Africanah

I’ve been reading Chimamanda Ngozi Adichie’s latest book entitled, Americanah. While reveling in the similar ways that I experienced America coming from Bermuda and the opposite cross-culture shock of experiencing Kenya I felt inspired to blog my own version which I will call Africanah.

This month marks two years of living in Kenya for me. They say that it takes at least two years to get over experiencing culture shock before one can truly begin to enjoy the new location. Like the opposite of Ifemelu in Adiche’s Americanah , I’ve gotten used to saying, “Sorry” to someone after they’ve tripped over a crack in the sidewalk or if something bad has happened to them. I’ve grown to understand that when someone doesn’t call you back it actually means, “No” but not wanting to disappoint you, the person would rather let you figure out the meaning of the subliminal silence on your own. If anyone wants to know by the way, I STILL GET DISAPOINTED!

I’ve also discovered that my English accent is what separates me in the eyes of Kenyans from being truly African but simultaneously grants me a privilege that I did not have living in my own country. “You have the right accent” someone once told me. I think back to the many times I called a business to make an inquiry back home in Bermuda and realized that the person on the other end could hear my slurred, Bermudian tongue and knew that I did not have “the right accent.”

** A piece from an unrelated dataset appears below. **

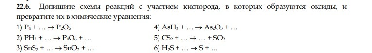 Допишите схемы реакций с участием кислорода, в которых образуются оксиды, и превратите их в химические уравнения: 1) P4 + … P2O5 4) AsH3 + … As2O3 + … 2) PH3 + … P4O6 + … 5) CS2 + … … + SO2 3) SnS2 + … SnO2 + … 6) H2S + … S + …
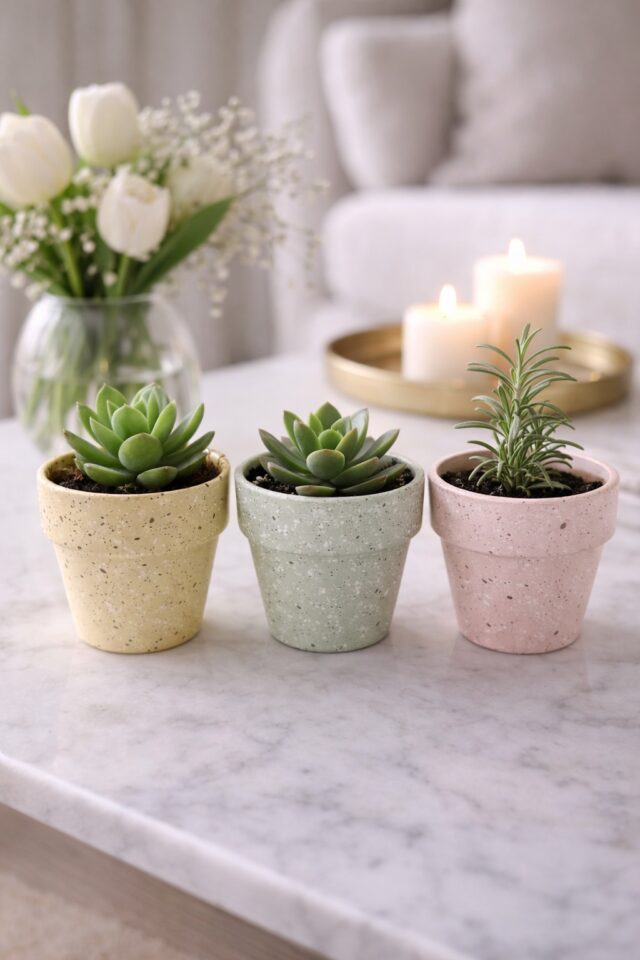 Group three planters together on a kitchen windowsill, balcony shelf, or coffee table tray. Mix slightly different pastel shades for that curated but effortless look.

In Kenya I have “good hair”- must be mixed with some muzungu. In Bermuda my hair is picky, knotty, can’t get a comb through it, needs a good conditioner, will only grow if you lock it.

From afar I look at Bermudian politics as a plethora of cloudy philosophies and repeated points in history rather than current happenings. I observe food programmes and religious charities as a mockery of developing nations. I prefer benevolent dictatorship to fascism disguised as democracy. I’ve decided that the tribalism in my own country may be more lethal than the tribalism expressed here in Kenya except that Bermudian tribalism is a slow-killing poison that will subdue and silence the lesser before it kills.

I’ve concluded that it will be at least 50 years before being a hippie, hipster or hobo is fashionable in Kenya. To be retro is now and to be postmodern is to be lost.

While I live trying to prove how African I really am; “We eat cassava and dance to Soca which sounds like Lingala or Luo Benga,” upscale Kenyans live trying to prove how Western they are; “We eat red jelly like the British do and only wear European-brand clothes.” The Africanah becomes caricatured into Shaka Zulu turned Kunta Kinte while the Kenyan caricatures him or herself into a bedazzled version of Queen Elizabeth.

I’ve come to embrace wide skies and yellow Acacia trees even though I miss palm trees- especially ones covered with Christmas lights. I am a real Africanah now. But somehow I feel like I always was.